ISCA Archive Interspeech 2022
ISCA Archive Interspeech 2022

Lightweight Full-band and Sub-band Fusion Network for Real Time Speech Enhancement

Zhuangqi Chen, Pingjian Zhang

Recent studies in deep learning based real-time speech enhancement have proven the advantage of sub-band processing in parameter reduction. However, most sub-band based methods utilize the same model for all sub-bands, which limits the upper bound of performance, giving the fact that the spectral patterns in each sub-band are different. In this paper, we take into account this fact and propose a lightweight full-band and sub-band fusion network, where dual-branch based architecture is employed for modeling local and global spectral pattern simultaneously. A simple yet effective sub-band module, the weighted progressive convolutional module, is designed with a small number of parameters, which captures clean features progressively from local perspective.

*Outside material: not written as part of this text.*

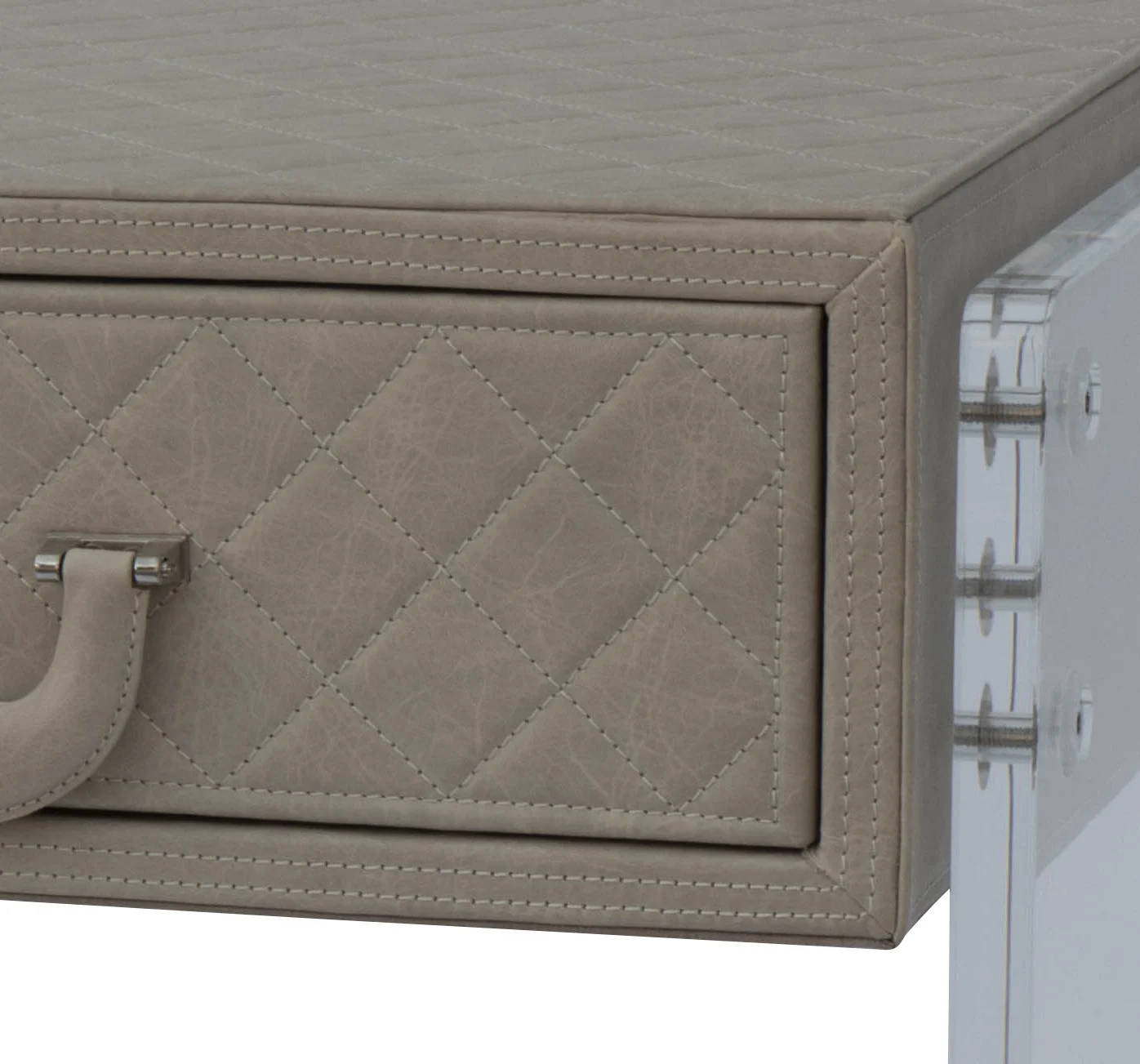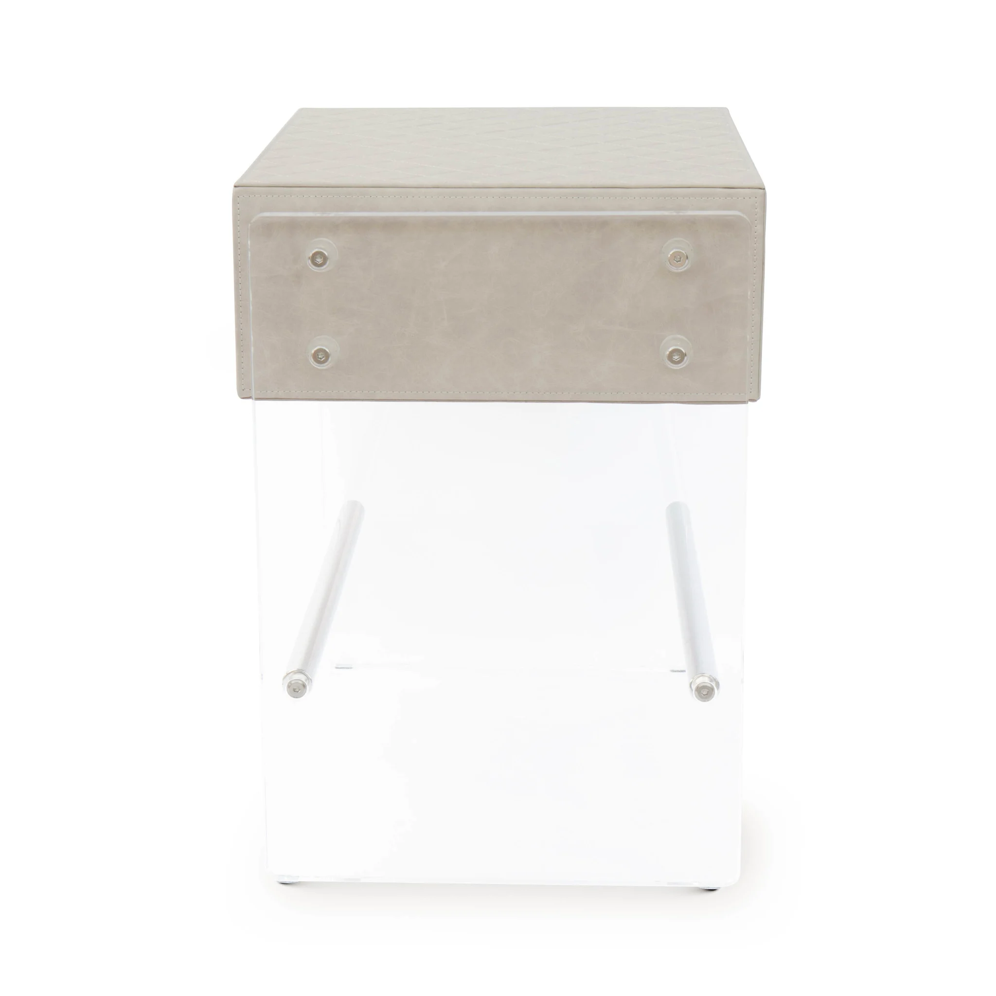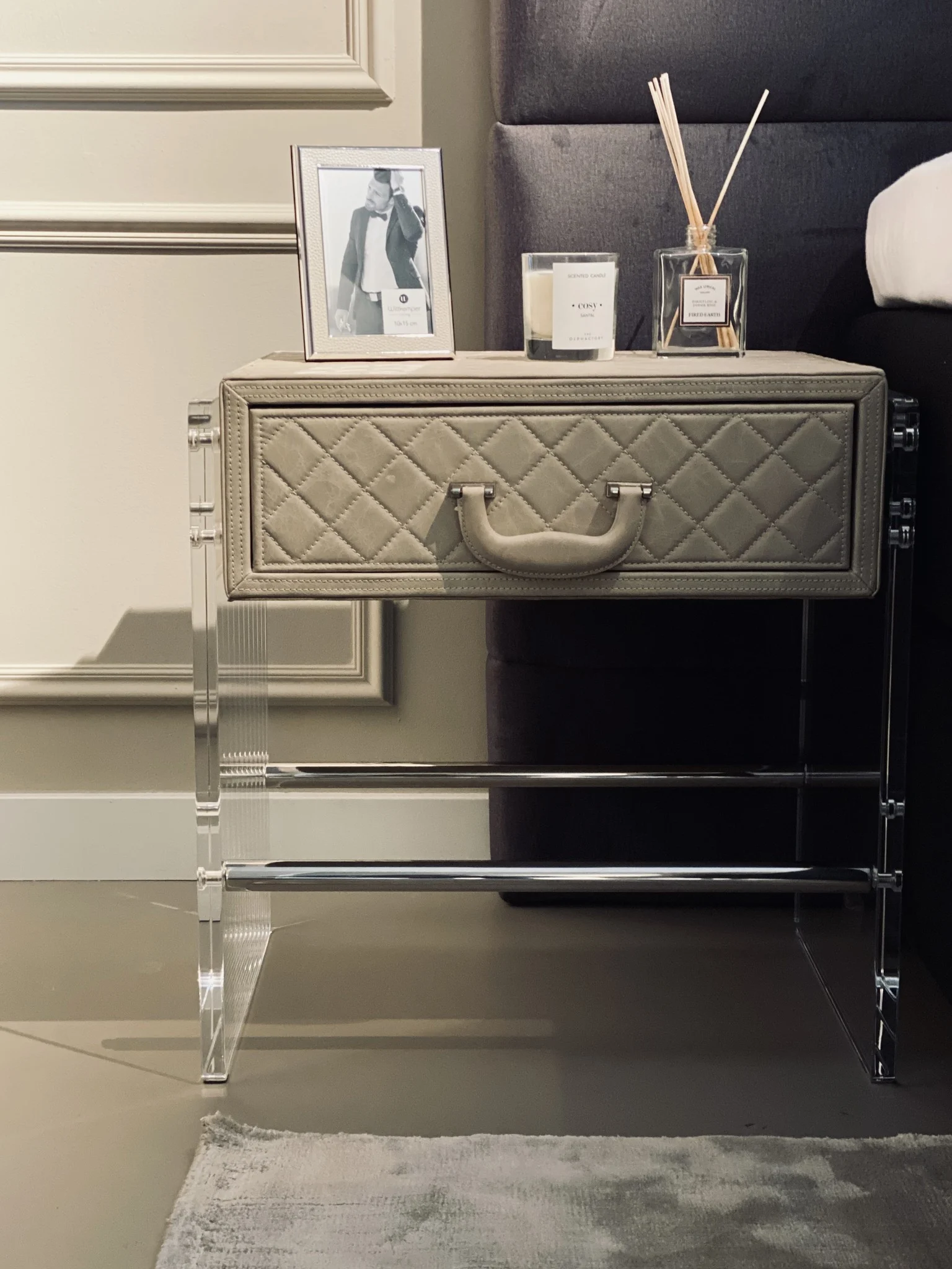 The Genova side table is a sophisticated blend of classic and modern design. The quilted leather gives a sense of luxury and elegance, while the sleek plexiglass legs create a contemporary, airy effect.

Each sub-band is handled by one module. A novel asymmetric convolutional recurrent network is also proposed to focus on full-band context and extract more robust global features, which is complementary to the sub-band module. We have conducted extensive experiments on both the VoiceBank+Demand and the DNS Challenge datasets, and the experimental results show that our proposed method has achieved superior performance to other state-of-the-art approaches with smaller model size and lower latency.